*Task objective*:
In the listing below, the lines starting at the line with "Experience superior oral" and ending at the line with "Ascending upstairs you" are to be output verbatim. Images stay out of the copy.

*Exercise data*:
┄┄┄┄┄┄┄┄┄┄┄┄┄┄┄┄┄┄┄┄

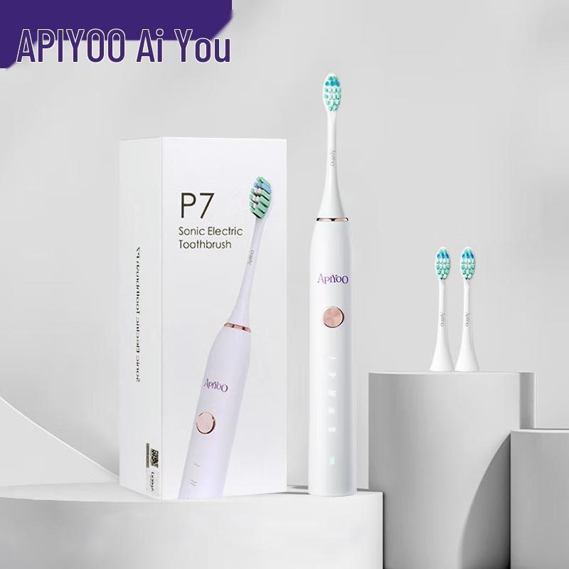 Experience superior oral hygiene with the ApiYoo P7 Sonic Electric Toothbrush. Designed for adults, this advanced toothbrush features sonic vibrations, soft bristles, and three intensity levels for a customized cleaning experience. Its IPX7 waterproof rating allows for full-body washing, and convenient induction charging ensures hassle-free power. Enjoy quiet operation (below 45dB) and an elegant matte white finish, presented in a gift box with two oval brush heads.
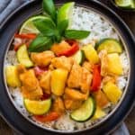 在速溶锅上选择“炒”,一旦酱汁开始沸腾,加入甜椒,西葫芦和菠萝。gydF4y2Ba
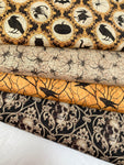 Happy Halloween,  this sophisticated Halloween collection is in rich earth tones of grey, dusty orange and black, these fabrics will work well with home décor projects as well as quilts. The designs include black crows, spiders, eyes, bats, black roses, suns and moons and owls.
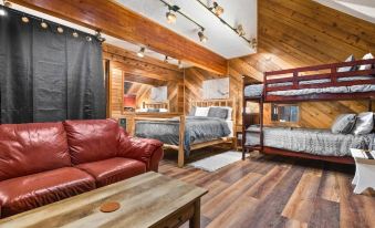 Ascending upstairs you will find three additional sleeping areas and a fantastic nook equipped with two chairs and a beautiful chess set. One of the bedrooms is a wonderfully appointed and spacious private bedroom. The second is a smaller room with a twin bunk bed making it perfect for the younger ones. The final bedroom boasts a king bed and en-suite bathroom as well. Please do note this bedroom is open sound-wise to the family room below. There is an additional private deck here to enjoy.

┄┄┄┄┄┄┄┄┄┄┄┄┄┄┄┄┄┄┄┄

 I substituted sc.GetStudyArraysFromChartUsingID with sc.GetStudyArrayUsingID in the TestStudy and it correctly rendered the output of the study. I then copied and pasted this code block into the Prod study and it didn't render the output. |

┄┄┄┄┄┄┄┄┄┄┄┄┄┄┄┄┄┄┄┄

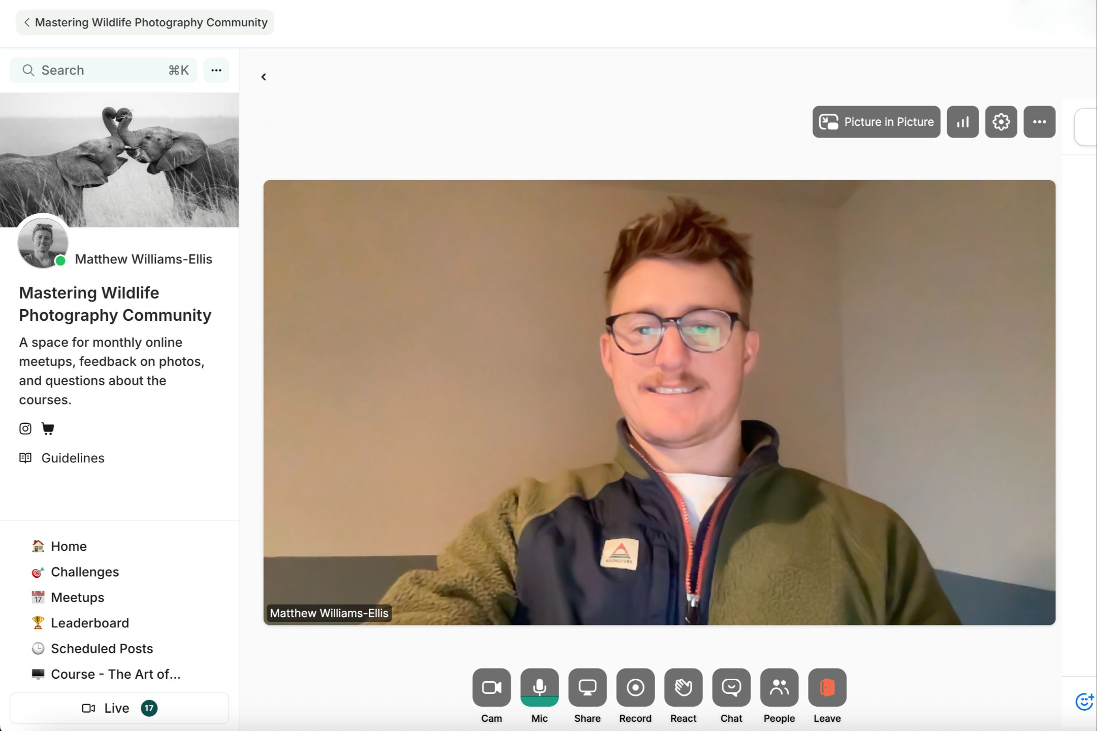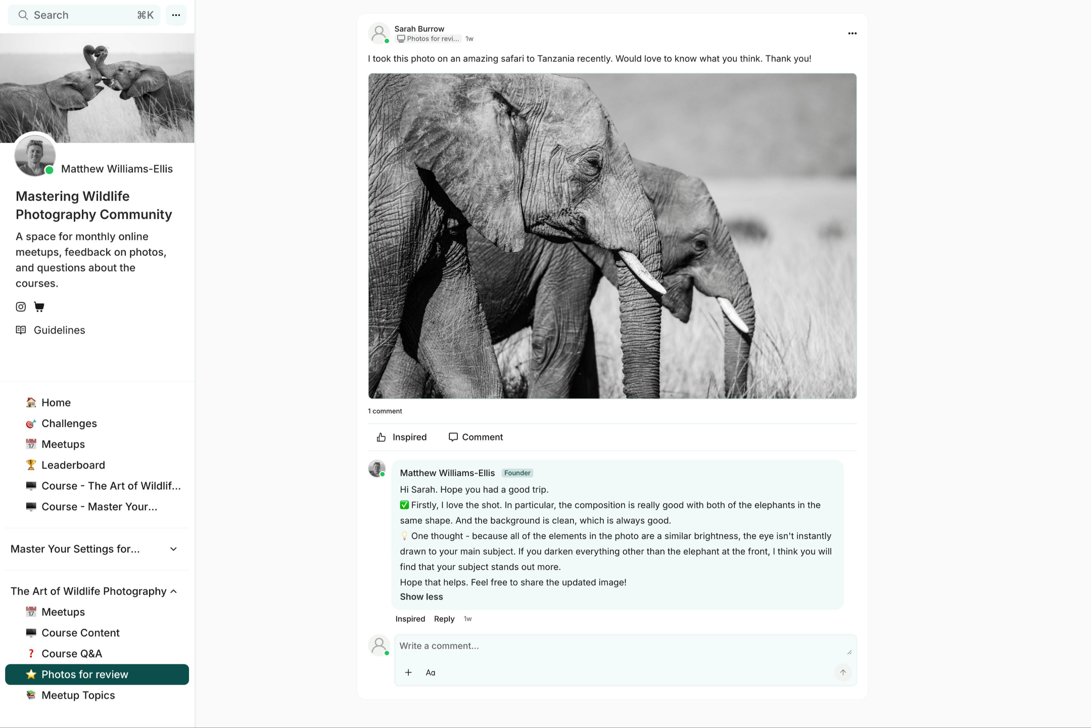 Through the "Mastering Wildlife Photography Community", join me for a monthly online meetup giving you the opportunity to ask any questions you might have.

┄┄┄┄┄┄┄┄┄┄┄┄┄┄┄┄┄┄┄┄

*Final answer*:
 Experience superior oral hygiene with the ApiYoo P7 Sonic Electric Toothbrush. Designed for adults, this advanced toothbrush features sonic vibrations, soft bristles, and three intensity levels for a customized cleaning experience. Its IPX7 waterproof rating allows for full-body washing, and convenient induction charging ensures hassle-free power. Enjoy quiet operation (below 45dB) and an elegant matte white finish, presented in a gift box with two oval brush heads.
 在速溶锅上选择“炒”,一旦酱汁开始沸腾,加入甜椒,西葫芦和菠萝。gydF4y2Ba
 Happy Halloween,  this sophisticated Halloween collection is in rich earth tones of grey, dusty orange and black, these fabrics will work well with home décor projects as well as quilts. The designs include black crows, spiders, eyes, bats, black roses, suns and moons and owls.
 Ascending upstairs you will find three additional sleeping areas and a fantastic nook equipped with two chairs and a beautiful chess set. One of the bedrooms is a wonderfully appointed and spacious private bedroom. The second is a smaller room with a twin bunk bed making it perfect for the younger ones. The final bedroom boasts a king bed and en-suite bathroom as well. Please do note this bedroom is open sound-wise to the family room below. There is an additional private deck here to enjoy.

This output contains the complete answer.